Wessel, of NextGen America, said his group downgraded its voter registration projections for the year after the coronavirus hit.
“People like us can’t be out in the street with clipboards the way that we normally would be, and also DMVs are closed,” he said. “There’s a natural clip of this that happens when the economy functions normally that’s not happening now.”
But Wessel’s group and others have begun working in other ways to reach potential voters. With organizers unable to register young voters at many college campuses and other gathering places, they are reporting higher rates of return on direct mail appeals than in previous years. And NextGen is recruiting influencers on social media in college towns to include registration messages in their Instagram, Snapchat and YouTube channels.
“I don’t want to sugarcoat the situation,” Wessel said. “We have work to do. But young people … while they’re not able to register the same way they normally are, I think they’re expressing how excited they are about politics and what’s going on in other ways.”

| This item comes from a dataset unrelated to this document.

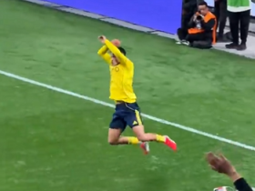 C罗缺战,队友安热洛在进球后做出了Siuuu的庆祝动作

He said, “People don’t go into the streets and protest if they don’t want to have their voices heard … I think they’ll register and vote.”
Republicans point to their improved standing in registration compared to 2016 in Florida, North Carolina and Pennsylvania — all states Trump won that year despite Democrats holding a wider registration advantage than they do now. And Trump still has a financial and organizational advantage over Biden that could help with a registration sprint in the fall.
But in some ways, Republicans have just as much — if not more — reason to worry about voter registration. This was the year Republicans finally fell behind not only Democrats, but independent voters in registration in the 32 states and the District of Columbia that register voters by party, according to Ballot Access News, which tracks registrations.
Trump is polling far behind Biden nationally and in most swing states. And if he has any chance of catching the presumptive Democratic nominee, it will likely hinge on registering and turning out more white, noncollege-educated voters, a key part of his base.
But the coronavirus has disrupted Republicans’ registration efforts as well, by depriving Trump until recently of the massive campaign rallies that Republicans have relied on as a source of new registrants.
Rob Stutzman, a Republican political strategist who has long been critical of Trump, said it is possible that there are more base voters for Trump “who are going to come up through the floorboards” and register this year.
But “if they don’t have them registered by now, I’m skeptical that they exist,” he said.
Another prominent Republican strategist involved in voter registration efforts described the Republican Party’s work in the area as lagging behind. The TargetSmart report, the person said, suggested that Republicans had an opening they failed to fully exploit.
“That’s why we need to press the f—— advantage,” he said, “and we’re not.”